Only he was so caught up in figuring out the mysteries of the Quidditch World Cup that he didn't notice Ron's eagerness for his approval, didn't see that he ended up snubbing him every time the boy came up with something. And then they had to delve into Crouch .. and Sirius had to work very, very hard to control his rage, and then his puzzlement. What was Crouch doing during the World Cup? What was Crouch doing when he should have been judging the Triwizard Tournament??
Finally talking got the better of Sirius, and he transformed to see them off at the stile. Doing a brisk jog around the village, Sirius managed to grab another Daily Prophet, walk up the mountainside with it, and get back into his cave.
Except somebody was already in it.
"Transform, and then put your hands up!" a dark-haired woman ordered. She already had her wand out and was pointing it at him. Sirius guessed her age -- somewhere around thirty-five, but not a stranger to the troubles of the world. "Get inside the cave. Just because Harry Potter believes in you doesn't mean I'm going to automatically forgive you for the deaths of sixteen people. I'm a better Auror than that."
Damn, Sirius told himself as the panic rose in his chest. How the hell did I manage to stumble into an Auror? And how did she know he was an Animagus? Had she been listening to him with Harry, Ron, and Hermione all this time?

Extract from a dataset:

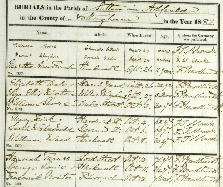 1881 - Burial Record for Hannah Turner, nee Stanley
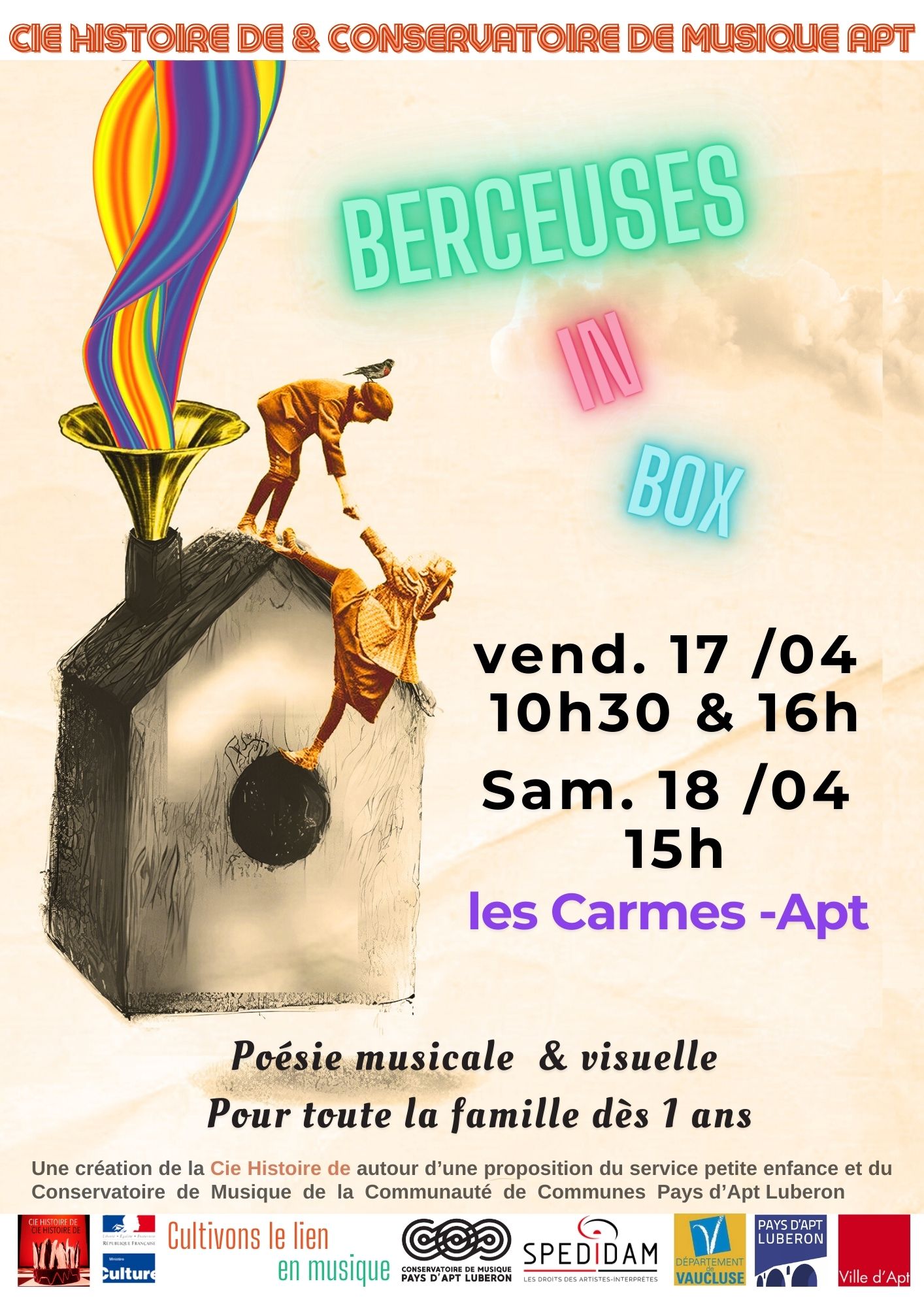 Pour les vacances d’Avril on vous propose 3 représentations du spectacle de la compagnie Histoire De Berceuses in Box dans la Salle des Carmes à Apt.

"I know you're Sirius Black. So get out of your dog disguise," she told him after a pause. What could he do as a dog, anyway? Attack her and rip her apart? What would he do, eat her corpse? Sirius transformed, put up his hands, and matched her cold hazel gaze with his own harsh eyes.
"Tell me what you are doing here," she said in a low voice, and stepped back. She wasn't trembling, but she was looking at Sirius like one would look at a time bomb with three seconds left before the blow.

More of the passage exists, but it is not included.